With PC I tend to use XFS in comparison both in HDD and SSD.
What about Snapshots in XFS? I think, they added this years ago.
I lived BTRFS for snapshots, but had much problems on an external drive and multiple times data loss… a broken cable was the reason… but the drive wotked with ext4 much better than with btrfs…
And on a hybrid SSHD also btrfs is not the best idea, if you use snapshots (every hour for example eith cron). It makes the SSHD as slow as the HDD behind the SSD-cache…
https://en.wikipedia.org/wiki/XFS#Snapshots
I don’t think that are a good idea in a running environment…
Anyways, for backups I use the traditional way. The thing in which I am interested is data deduplication.
ok. making snapshots with btrfs is also no backup-strategy (alone). But sending the snapshot to an external drive or backup-store is a really good thing for making backups. Much faster than doing this with rsync.
Don’t use rsync. I do them with Nextcloud or Syncthing and sometimes manually.
For other cases, I use a manager for an Hypervisor for VMs to make programmed backups, also including snapshots.

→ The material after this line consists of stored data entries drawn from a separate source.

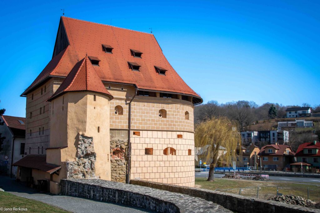 It’s a short but really enjoyable walk. On one side are the medieval defensive walls, and on the other beautifully restored town houses, hidden behind garden fences — and occasionally guarded by enthusiastic barking dogs. When you reach Prašná Bašta, take a moment to look at the miniature model of the town square nearby before either continuing along the walls or turning towards the historic centre.
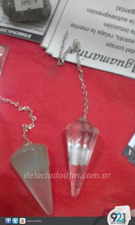 Estampitas de santos, péndulos de piedras, y artículos para defumación sueltos para la limpieza energética pueden conseguirse en el local de calle Ciudad de Rodez de Pigüé.
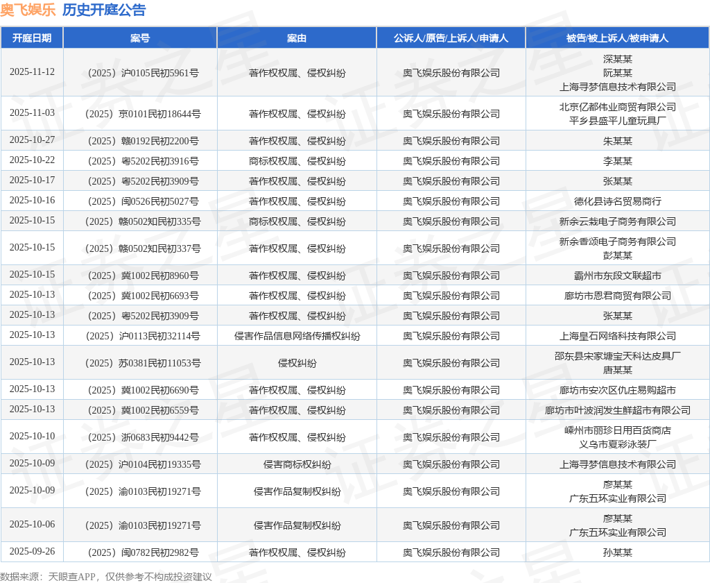 案号:(2025)浙0683民初9442号根据统计,近一年内以奥飞娱乐股份有限公司为当事人的历史开庭公告有464则,其中案由为“著作权权属、侵权纠纷”的公告以230则居首,其次为“侵害作品发行权纠纷”有58则,“侵害作品信息网络传播权纠纷”有30则。历史开庭公告(前20条)如下:
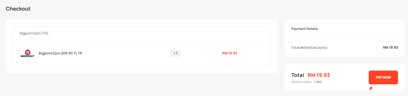Important Notice: Bigpoint Epin (TR) sold by SEAGM is region-restricted and can only be used by accounts registered in Turkey. All purchases are final and cannot be refunded or returned.
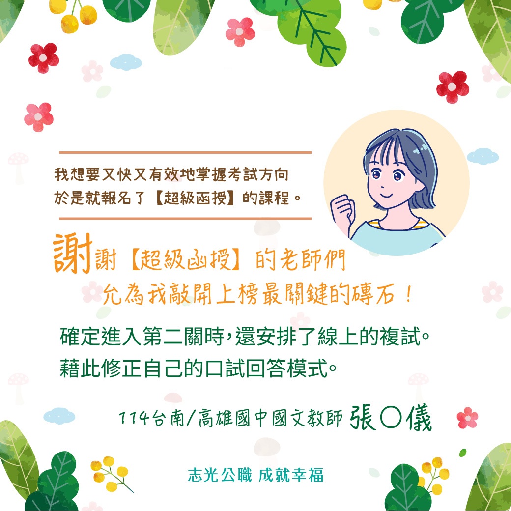 決定到門市購買線上超級函授課程,這是我今生做出最棒的決定。劉玥老師精闢解說教心與輔導理論;高通老師把課程理論整理的簡易明瞭;黃天老師的教育史哲用說故事的方式令我感到平易近人;林特老師用心解說教育行政。再加上老師整理的板書筆記,讓考生輕鬆抓取重點,也利於平日的複習。
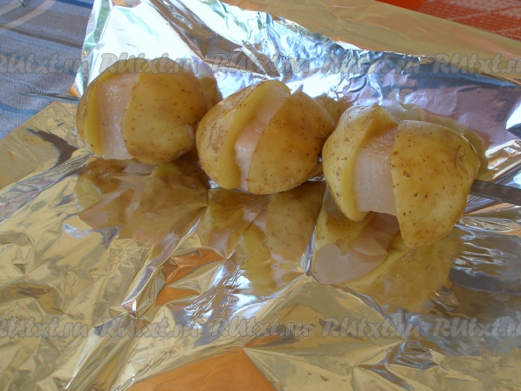 Обернуть картофель с салом на шампуре фольгой.
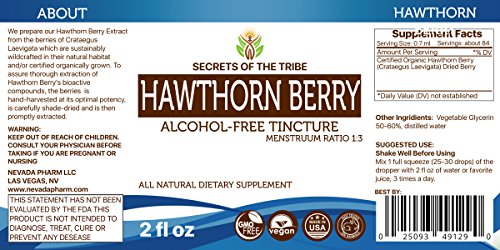 Hawthorn Berry Alcohol FREE Liquid Extract, Organic Hawthorn Berry (Crataegus Laevigata) Dried Berry Tincture Supplement (2 FL OZ)
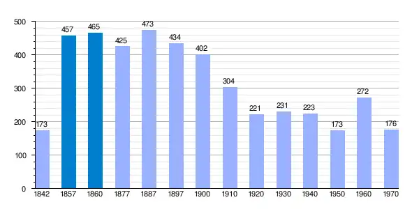 | Gráfica de evolución demográfica de EL Campo de Ledesma[6] entre 1842 y 1970 |
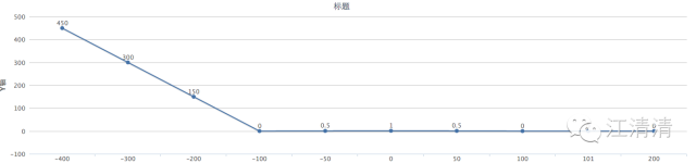 interpolate还支持多段区间,该用来定义一些静态区间。例如:当我们输入为-300的时候取值相反值。然后在输入到-100的时候变成0,当输入接着0 的时候变成1,接着输入一直到100的时候又回到0。最终形成 的静态区间就为0。大于任何大于100的输入都返回0.具体事例如下:
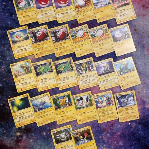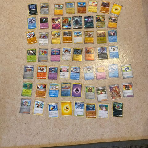 Pokémon keräilykortit sekapaketti. Korteissa useita eri Pokémoneja ja valmentajakortteja eri sarjoista ja tyypeistä. Kuvat esittävät esimerkin korteista ja niiden kunnosta. Sopii kokoelman täydentämiseen tai pelaamiseen Pokémon TCG -pelissä.

For me, an snapshot is a backup method.
BTRFS-snapshots only is no backup-method. Only if you send them to an external Store (external HD, SAN, NAS…) In case of deduplication and Copy-On-Write, a snapshot is physically the same store-location as the original. Only the few changed parts of the whole filesystem are stored on another physical place on the same HD.
So if you use BTRFS-snapshots you MUST send/receive the snapshots to another medium, if you want to use snapshots as backup. Data-loss is so a big danger.
I think you understand backup not as the real abstract concept but as a sub-class called “a secure way to make a backup”.
If you copy a file to other folder to the same hard drive it is still a backup.
The same happens with the btrfs-snapshots if the idea are for the files or changes you made in an Operating System installation (OpenIndiana with ZFS snapshots made for every system upgrade).
Maybe the example I gave was not enough.
The point of snapshots is serving as some kind of incremental backups always dependent of a main backup or the main instance.
Always the changes are copied, it is valid, even if a delta of a file was the only thing saved.
This applies to systems with deduplication enabled and COW.
Bfrfs for automatic snapshots and easier data recoverability out-of-the-box. I use it on SSD, but I imagine that on a HDD it works just fine too.
Here’s something different. I use several external USB drives with mergeFS + EXT4 to backup my file server (LVM + EXT4).
Cool, thanks for the mergerFS mention. Since this is packaged for Debian, and in Arch Linux AUR, I am eager to try this.